Собрание сочинений в 50 томах. Том 50. Рассказы - Александр Дюма 28 стр.


- Государыня! - произнес он. - Я явился к вам по приказу императора молить у вас пощады, ибо коварно и вероломно вас оболгал; делайте со мной все, что вам будет угодно.

- Друг мой! - воскликнула императрица. - Оставайтесь живым и невредимым, я не буду ни мстить вам, ни подталкивать кого-либо к мщению, ибо Бог распорядится всем по справедливости. Уходите же навсегда с глаз моих!

Рыцарь поднялся и покинул ристалище. Он никогда с того дня не появлялся больше в Германии.

Император приказал, чтобы открыли ворота для победителя; тот въехал, с удивлением отыскивая глазами противника.

- Сеньор рыцарь! - объявил император. - Вальтер фон Тан отказался сражаться с вами; он просил пощады у меня, я направил его к императрице, и она, на радостях, что Господь Бог и вы сняли с нее обвинение, помиловала его.

- Пусть будет так! - согласился граф Барселонский. - Я не желаю ничего лучшего.

Император сошел с трона и, взяв за узду коня победителя, повел его к императрице.

- Сударыня, - обратился он к ней, - вот рыцарь, столь отважно вас защитивший; вы подадите одну свою руку мне, другую ему, мы поведем вас к трону и останемся там на виду у всех, пока будет совершаться правосудие над трупом Гунтрама фон Фалькенбурга; потом вы пригласите рыцаря в ваш дворец и окажете ему всяческие почести, с тем чтобы он как можно дольше остался с нами.

Императрица сошла со своего помоста и хотела преклонить колена перед императором, но он тотчас поднял ее, поцеловал, показав, что возвращает ей всю свою любовь, взял за руку ее и графа Барселонского, подвел их к трону и усадил рядом с собой: императрицу по правую руку от себя, а победителя - по левую.

После этого палач вновь спустился на ристалище и, подойдя к трупу Гунтрама, стал ножом перерезать все завязки его доспехов и по очереди кидать их на землю, произнося: "Это шлем предателя", "Это латы предателя", "Эго щит предателя". Как только он снял все, оставив труп обнаженным, два помощника палача ввели лошадь, волочащую за собой сплетенную из ивы решетку; к этой решетке привязали тело и потащили его по улицам Кёльна на виселицу, где оно было повешено за ноги, и каждый мог разглядывать страшную рану, через которую улетела проклятая душа.

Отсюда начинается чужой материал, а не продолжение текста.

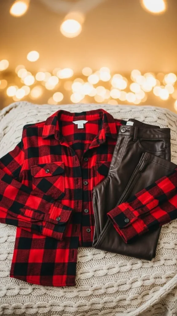 A flannel shirt feels relaxed but still festive, especially in red or green tones. Wear it with leather leggings and boots. Add a tiny embroidered patch on the pocket for DIY charm. This is ideal for outdoor markets, family visits, or casual meetups.
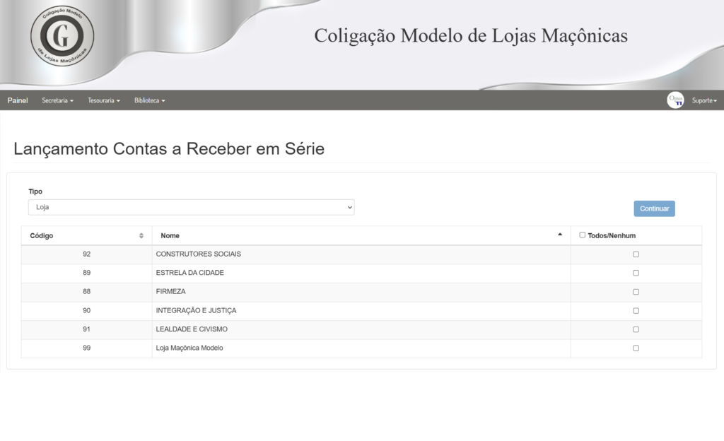Cada Loja associada terá acesso a um painel contendo várias informações úteis, lista de aniversariantes, agenda e informativos da Associação/Coligação, além de um calendário de eventos. Ele poderá ainda incluir e alterar os dados cadastrais de seus Irmãos e Candidatos, assim como atualizar suas informações da própria Loja e consultar sua situação na tesouraria.

Все повторяли, что это, воистину, суд Божий, ибо никто не мог понять, как столь хрупкий юноша смог предать смерти такого грозного рыцаря.

ЗАКЛЮЧЕНИЕ

Император и императрица повели победителя в свой дворец, где в его честь было устроено великое празднество; его удерживали там до ужина, повторяя, что не хотели бы с ним никогда разлучаться; однако, когда спустился вечер, граф незаметно вышел из дворца, вернулся в отведенные ему покои, велел дать овса лошади и, приказав оруженосцу готовиться к отъезду, в полной тайне покинул город и всю ночь скакал по направлению к Барселоне: уже два месяца граф не имел никаких известий из своего края, который он покинул, проявив более рыцарства, чем осмотрительности.

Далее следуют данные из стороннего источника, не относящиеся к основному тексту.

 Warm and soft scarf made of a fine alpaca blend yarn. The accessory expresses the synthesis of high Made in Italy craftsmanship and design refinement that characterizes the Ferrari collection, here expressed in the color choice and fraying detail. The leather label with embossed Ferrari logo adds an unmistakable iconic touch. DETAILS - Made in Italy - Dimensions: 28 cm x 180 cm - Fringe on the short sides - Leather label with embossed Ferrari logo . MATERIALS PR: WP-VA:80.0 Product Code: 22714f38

На следующее утро, увидев, что рыцарь не возвращается во дворец, император отправил за ним одного из своих придворных. Посланцу сообщили, что рыцарь уехал ночью и сейчас, должно быть, находится не меньше чем в двенадцати-пятнадцати льё от Кёльна.

Тогда посланец вернулся к императору и сказал ему:

- Государь, рыцарь, сражавшийся за госпожу императрицу, уехал этой ночью, и неизвестно, куда он направился.

Узнав эту неожиданную новость, Генрих, обратившись к императрице, изменившимся от гнева голосом произнес:

- Сударыня, вы слышите, что докладывает этот человек? Ваш рыцарь покинул этой ночью Кёльн, не попрощавшись с нами; это мне весьма не нравится!

- О монсеньер, - отвечала императрица, - вы будете еще сильней раздосадованы, когда узнаете, кто этот рыцарь: я думаю, что вам это неизвестно.

- Нет, - отвечал император, - он не назвался, сказал только, что он испанский граф.

- Государь, этот достойный рыцарь, сражавшийся за меня, - благородный граф Барселонский, чье имя уже овеяно громкой славой, и нельзя сказать, не превзойдет ли она его знатность и благородство.

- Как?! - воскликнул Генрих. - Так этот рыцарь - сеньор Раймон Беренгар?! Да поможет мне Бог, сударыня! Никогда еще императорская корона не была удостоена столь великой чести, как сегодня! Но, разрази меня гром, его поспешный отъезд покрывает меня позором! Я не смогу одарить вас, сударыня, ни своей милостью, ни любовью до тех пор, пока вы не отправитесь за ним, не найдете его и не привезете с собой! Отправляйтесь как можно быстрее: или я не увижу вас более, или увижу вместе с ним.

- Все будет так, как угодно вашей милости, монсеньер, - ответила императрица, удаляясь.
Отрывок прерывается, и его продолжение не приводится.